Create a dashboard specification document:
# Service Overview Dashboard ## Purpose Real-time operational view for on-call engineers monitoring the API service. ## Rows 1. High-Level Metrics (collapsed by default) - Request rate, error rate, latency (RED metrics) - Service uptime, instance count 2. Detailed Metrics (expanded by default) - Per-endpoint latency breakdown - Error rate by status code - Database connection pool status 3. Resource Utilization - CPU, memory, disk usage per instance - Network I/O rates 4. Logs (collapsed by default) - Recent errors from Loki - Alert firing history ## Variables - `environment`: production, staging, development - `instance`: all instances or specific instance selection - `interval`: aggregation window (5m, 15m, 1h) ## Annotations - Deployment events from CI/CD system - Alert firing/resolving events
Key design principles:
- •Most important metrics first: Critical metrics at the top, details below
- •Consistent time ranges: Synchronize time across all panels
- •Drill-down paths: Link from high-level to detailed dashboards
- •Responsive layout: Use rows and panel widths that work on various screens
Expected: Clear dashboard structure documented, stakeholders aligned on metrics and layout priorities.
On failure:
- •Conduct dashboard design review with end users (SREs, developers)

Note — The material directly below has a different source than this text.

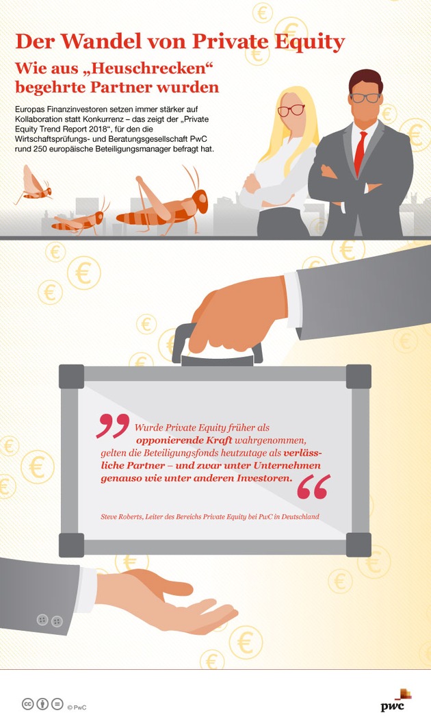 "Die Umfrageergebnisse zeigen, wie grundlegend sich die Rolle der Finanzinvestoren im europäischen Wirtschaftsleben gewandelt hat", sagt PwC-Partner Roberts. "Wurde Private Equity früher als opponierende Kraft wahrgenommen, gelten die Beteiligungsfonds heutzutage als verlässliche Partner - und zwar unter Unternehmen genauso wie unter anderen Investoren. "Dies zeigt auch ein weiteres Ergebnis des "Private Equity Trend Reports 2018". So meinten 37 Prozent der PE-Manager auf die Frage, was sich denn im Verhältnis zu den eigenen Geldgebern verändere, dass diese sich immer offener für gemeinsame Investitionsprojekte zeigten. "Auch das ist ein bemerkenswerter Wandel", sagt Roberts: "Es gab mal eine Zeit, da versteckten sich Pensionskassen oder Versicherer hinter Private Equity. Dagegen treten sie inzwischen offensiv als Co-Investoren in die Öffentlichkeit."

- •Benchmark against industry standards (USE method, RED method, Four Golden Signals)
- •Review existing dashboards in team for consistency patterns
Step 2: Create Dashboard with Template Variables
Build the dashboard foundation with reusable variables for filtering.
Create dashboard JSON structure (or use UI, then export):
{
"dashboard": {
"title": "API Service Overview",
"uid": "api-service-overview",
"version": 1,
"timezone": "browser",
"editable": true,
"graphTooltip": 1,
"time": {
"from": "now-6h",
"to": "now"
},
"refresh": "30s",
"templating": {
"list": [
{
"name": "environment",
"type": "query",
"datasource": "Prometheus",
"query": "label_values(up{job=\"api-service\"}, environment)",
"multi": false,
"includeAll": false,
"refresh": 1,
"sort": 1,
"current": {
"selected": false,
"text": "production",
"value": "production"
}
},
{
"name": "instance",
"type": "query",
"datasource": "Prometheus",
"query": "label_values(up{job=\"api-service\",environment=\"$environment\"}, instance)",
"multi": true,
"includeAll": true,
"refresh": 1,
"allValue": ".*",
"current": {
"selected": true,
"text": "All",
"value": "$__all"
}
},
{
"name": "interval",
"type": "interval",
"options": [
{"text": "1m", "value": "1m"},
{"text": "5m", "value": "5m"},
{"text": "15m", "value": "15m"},
{"text": "1h", "value": "1h"}
],
"current": {
"text": "5m",
"value": "5m"
},
"auto": false
}
]
},
"annotations": {
"list": [
{
"name": "Deployments",
"datasource": "Prometheus",
"enable": true,
"expr": "changes(app_version{job=\"api-service\",environment=\"$environment\"}[5m]) > 0",
"step": "60s",
"iconColor": "rgba(0, 211, 255, 1)",
"tagKeys": "version"
}
]
}
}
}
Variable types and use cases:
- •Query variables: Dynamic lists from data source (
label_values(),query_result()) - •Interval variables: Aggregation windows for queries
- •Custom variables: Static lists for non-metric selections
- •Constant variables: Shared values across panels (data source names, thresholds)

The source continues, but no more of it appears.